Automated game testing

Something that is very cumbersome (and boring) to do for every developer out there is the software testing. To combat that, you usually develop a number of methods that helps you track down bugs, for example automatic bug-reports and unit-testing.

One of the more interesting ones is automated testing. For games, this usually means that you have a system that simulates the player and automatically generates input for it. For my latest project Hyena. I’ve had the rare opportunity to play around with an application where the controls are so basic that it was actually possible to write a system that played the whole game for me.

For Hyena this was obviously extremely simple, since controls only require you to choose from of a number of predefined choices. The game-book I used for testing was Flight From The Dark, which has 350 pages and each page has on average about 1.6 choices, so fully testing the game was definitely possible. Some preliminary runs did prove very helpful. First of all, it pointed up some show-stopper bugs in sections like this where you ended up with all choices disabled due to a problem in the LUA-script. The other kind bug it pointed out appeared when I looked at the pages that never was displayed, and could trace that to another LUA-script bug.

Also, doing simple analyses of such runs are also trivial and can be a great tool for game-design. You might remember hearing of such analysis from the development of the original Half-Life. Basically, they built a system that tracked stuff like the health of the player throughout the levels, and having this activated during focus-testing allowed them balance the game better. We (Starbreeze) asked Valve about that a few years ago while working on Riddick, and while they still were very enthusiastic about the idea, they also told us that it never got to the point where it was really useful. My guess is that the big problem for most games is that you still need to rely on real players for the data to be useful.

Then again, that’s not equally true for Hyena and game-books in general, since there isn’t that much of a difference between a simulate player and a real one. The only limitation my simulated player has is that it never goes to the action chart and actively uses items (healing potions for example). Of course, it also happily chooses a really stupid-sounding choice as often as a sane one. Still, the analysis gives a lot of information about how well the game-book is structured. Take a look:

http://www.collectingsmiles.com/hyena/analysis/fftd_analyze.jpg

This is a flowchart generated from a simulated run of 40139 playthroughs (yes, it took a few hours) and shows for example that:
• The game is  completed in 7.5% of the cases
• The Gourgaz kills you in 57% of the cases
• The most dangerous enemy are The Doomwolves, who kills you in 74% of the cases

It also displays a couple of “flaws”:
• There is this really big path that takes off from near-death experience in this section that is shown in less than 0.1% of the cases.
• A couple of sections are never displayed, either because of the problem above, or because of this one, where a fight extremely seldom lasts 4 rounds.

I intend to expose this analysis functionality in Hyena, so this tool will hopefully be available to anyone who wants to write his own game-book.

4 thoughts on “Automated game testing

  1. Hello Mr.
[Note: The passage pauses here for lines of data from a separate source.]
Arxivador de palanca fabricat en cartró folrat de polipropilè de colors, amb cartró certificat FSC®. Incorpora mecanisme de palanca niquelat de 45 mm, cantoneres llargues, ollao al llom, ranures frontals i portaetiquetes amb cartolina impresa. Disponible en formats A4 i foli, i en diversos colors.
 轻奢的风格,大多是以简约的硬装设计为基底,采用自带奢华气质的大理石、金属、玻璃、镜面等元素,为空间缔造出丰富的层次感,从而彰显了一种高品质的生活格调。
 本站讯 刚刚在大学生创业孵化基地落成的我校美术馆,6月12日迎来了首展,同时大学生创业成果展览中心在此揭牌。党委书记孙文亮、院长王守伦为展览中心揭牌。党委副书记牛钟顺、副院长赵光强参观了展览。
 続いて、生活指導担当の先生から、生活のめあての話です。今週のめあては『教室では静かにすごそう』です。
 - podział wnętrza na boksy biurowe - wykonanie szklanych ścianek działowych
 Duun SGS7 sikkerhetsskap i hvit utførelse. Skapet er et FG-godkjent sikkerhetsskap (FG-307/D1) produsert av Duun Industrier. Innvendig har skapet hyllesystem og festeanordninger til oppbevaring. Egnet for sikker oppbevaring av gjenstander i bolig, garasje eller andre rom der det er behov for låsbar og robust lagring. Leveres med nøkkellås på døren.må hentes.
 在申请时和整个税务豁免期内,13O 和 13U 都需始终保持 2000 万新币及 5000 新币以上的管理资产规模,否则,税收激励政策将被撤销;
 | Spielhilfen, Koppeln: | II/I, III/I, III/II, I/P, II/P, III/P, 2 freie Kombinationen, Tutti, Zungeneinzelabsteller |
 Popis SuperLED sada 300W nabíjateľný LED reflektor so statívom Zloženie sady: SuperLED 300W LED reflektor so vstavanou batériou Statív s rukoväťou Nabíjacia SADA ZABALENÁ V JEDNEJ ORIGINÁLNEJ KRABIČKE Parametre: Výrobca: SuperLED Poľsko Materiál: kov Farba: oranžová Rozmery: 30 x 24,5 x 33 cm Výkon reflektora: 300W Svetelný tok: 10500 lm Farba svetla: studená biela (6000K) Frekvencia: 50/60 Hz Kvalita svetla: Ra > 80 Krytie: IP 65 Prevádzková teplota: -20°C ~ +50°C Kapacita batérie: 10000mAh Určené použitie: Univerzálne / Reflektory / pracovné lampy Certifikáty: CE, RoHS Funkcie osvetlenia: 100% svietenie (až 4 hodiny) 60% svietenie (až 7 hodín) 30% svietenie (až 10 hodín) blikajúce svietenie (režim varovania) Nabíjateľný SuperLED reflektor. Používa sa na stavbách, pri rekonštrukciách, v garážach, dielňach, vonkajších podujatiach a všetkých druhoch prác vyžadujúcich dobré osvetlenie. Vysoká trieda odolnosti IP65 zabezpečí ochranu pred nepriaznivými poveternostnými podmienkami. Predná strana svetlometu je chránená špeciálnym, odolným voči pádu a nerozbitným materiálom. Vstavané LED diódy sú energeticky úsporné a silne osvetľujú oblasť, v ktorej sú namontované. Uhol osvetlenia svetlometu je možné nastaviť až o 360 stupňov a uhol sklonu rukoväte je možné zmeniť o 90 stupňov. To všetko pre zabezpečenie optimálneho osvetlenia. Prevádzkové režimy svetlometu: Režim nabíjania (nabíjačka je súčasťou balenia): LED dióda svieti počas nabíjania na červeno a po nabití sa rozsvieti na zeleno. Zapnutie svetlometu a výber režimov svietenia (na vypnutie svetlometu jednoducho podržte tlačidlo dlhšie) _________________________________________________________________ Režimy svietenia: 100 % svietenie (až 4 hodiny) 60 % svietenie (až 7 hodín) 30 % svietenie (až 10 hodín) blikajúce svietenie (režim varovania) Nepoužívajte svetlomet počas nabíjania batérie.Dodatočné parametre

Andersson,

    I am very interested in automatic software testing with computer games. I read your article and I asked me if you have more information about that topic. I would like to write a paper for my study and I am searching for interesting stuff to do that.

    Thank you
    Daniel

  2. Hey Daniel,

    Cool, it’s quite an interesting topic I think, but it might be hard to find too much information. I don’t really have any more information for you either, as I haven’t really pursued it much further. I did more experimentation with more complicated systems, but I was more after interesting ways to visualize the flow of a game which could help the design processes. It worked really well for the choose-your-own-adventure type of branching story used in Hyena, but with more complicated setups it started to fall apart.

    The idea was that through sampling a massive amount of playthroughs generate a graph showing how player choices led to consequences later on. The game that I worked on was very complicated in this aspect (time passing was a key factor in what happened in the game) and I failed to visualize this complicated system in a good way. It worked well for bug-finding though where it helped find some crash bugs and also some progression blockers.
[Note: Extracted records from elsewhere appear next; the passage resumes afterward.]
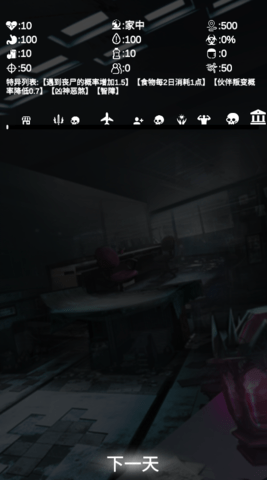1、独特的文字末日求生游戏,游戏展示的是世界末日后的七天,世界非常恐怖。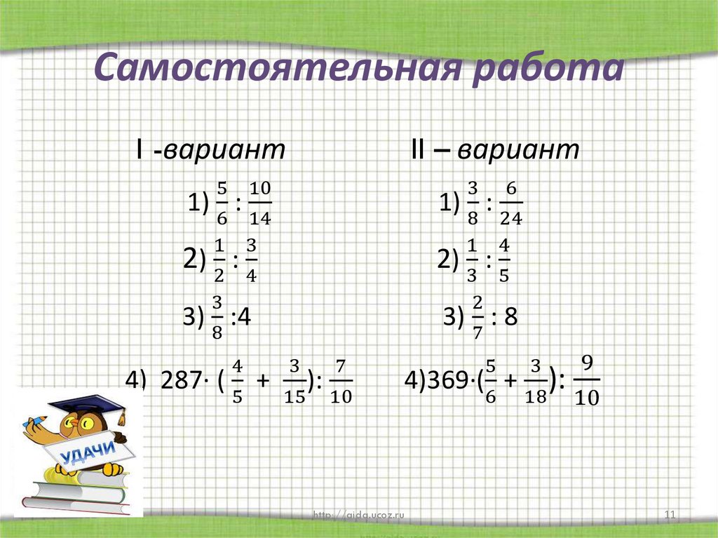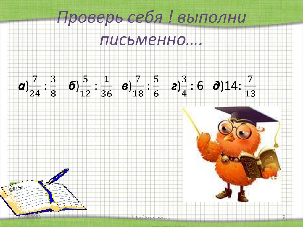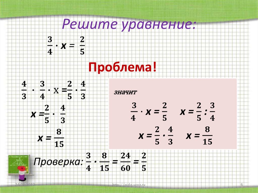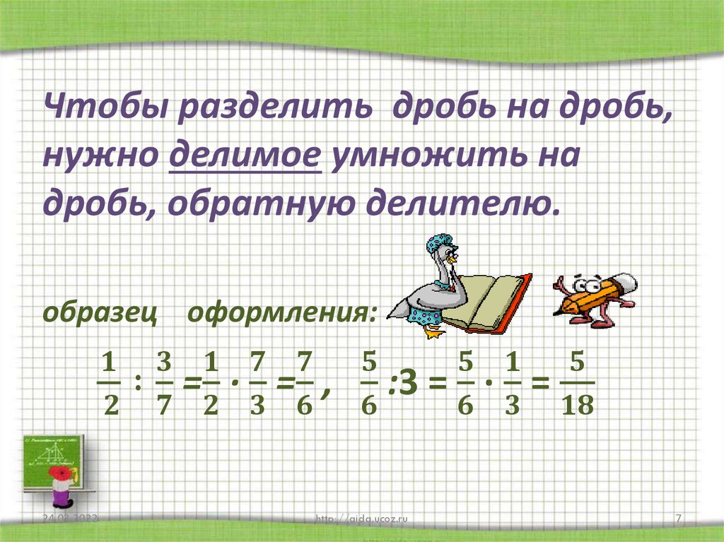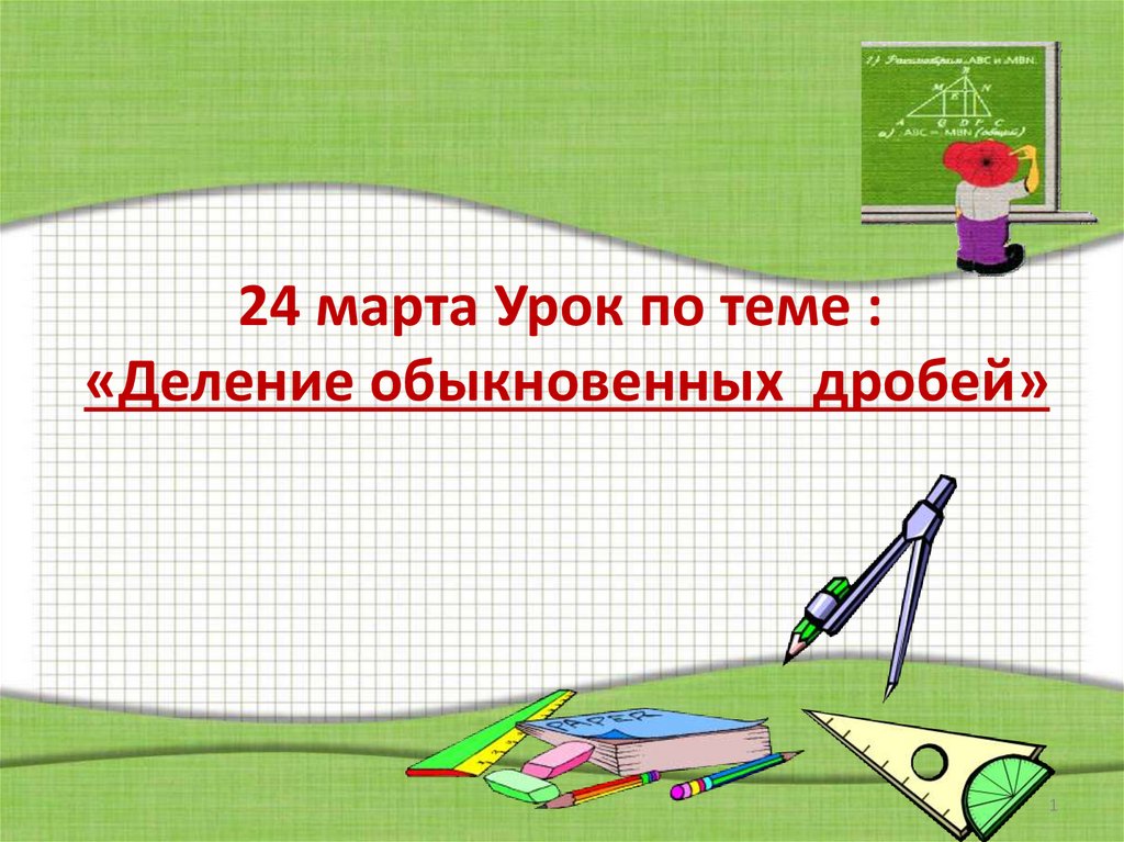 24 марта Урок по теме :«Деление обыкновенных дробей»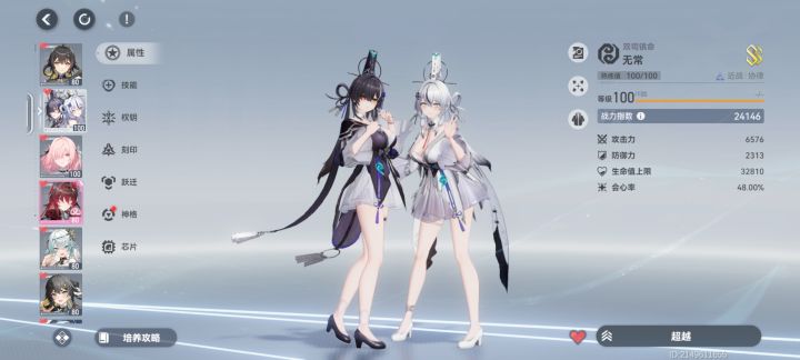 现在手上有4队无常ss专 新金乌 诗寇蒂ss专荷鲁斯专 魂羽 黎幻通专羲和ss(补?) 新金乌 澄光专梵天ss(补?) 帕瓦 麟玉(补?)羲和版本入坑的算是,所以先用的羲和队梵天也没完全养日常就是用的无常这个操作会无常,会荷鲁斯,羲和不会操作梵天没有试过手上还有一个天恒专武没有用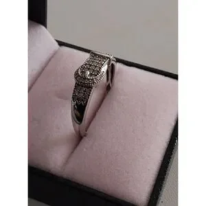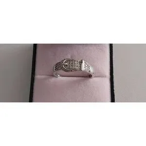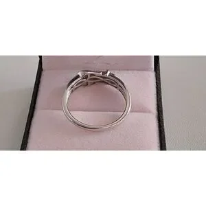 This beauty sparkles with 1/4 carat of genuine naturally mined diamonds in a pretty buckle design. The stones are round cut and pave set and this ring looks great on any finger. It is done in 925 solid sterling silver and is heavily layered in platinum for a lifetime of shine and durability?. It is size 10.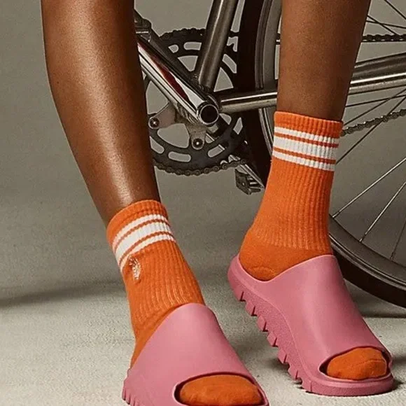 A pre and post workout essential, these sporty slides are featured in a smooth fabrication and slip on style with a dreamy, cushioned insole, a single wide strap, and bold traction details perfect for taking you from the studio to the street.

    From my experience in the games industry, people are spending most of their efforts in metrics/telemetry, where they attach tools to the QA team and focus testing groups to get more accurate information. The extent of automatic game testing in most projects is usually limited to smoke testing where you automatically load up each level in the game and do some basic test. Also, input stress testing is fairly common, where you generate random button presses over a long period of time.

    Not sure if this was any help, but let me know if there is anything else I can do to help. And I’d love to read your paper once it’s done.
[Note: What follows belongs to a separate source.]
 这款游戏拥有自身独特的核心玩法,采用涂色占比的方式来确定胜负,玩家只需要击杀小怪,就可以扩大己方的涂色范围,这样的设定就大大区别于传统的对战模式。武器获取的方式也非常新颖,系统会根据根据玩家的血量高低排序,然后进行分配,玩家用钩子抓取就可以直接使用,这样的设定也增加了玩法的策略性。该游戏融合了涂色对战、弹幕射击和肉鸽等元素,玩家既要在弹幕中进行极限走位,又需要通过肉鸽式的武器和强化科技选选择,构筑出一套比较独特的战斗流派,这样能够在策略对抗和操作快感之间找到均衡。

  3. I hope as a late comer to this site that it’s still viable to ask – I downloaded the gamebook engine with the intent of writing my own simple stories for fun – thank you for making it! – but I cannot find the hyena scripting language information. Would you be willing to email this to me as the page is gone from your site? Also, I’d love to have access to the tool for checking out how my gamebook might play out!

    Thank you for considering my request.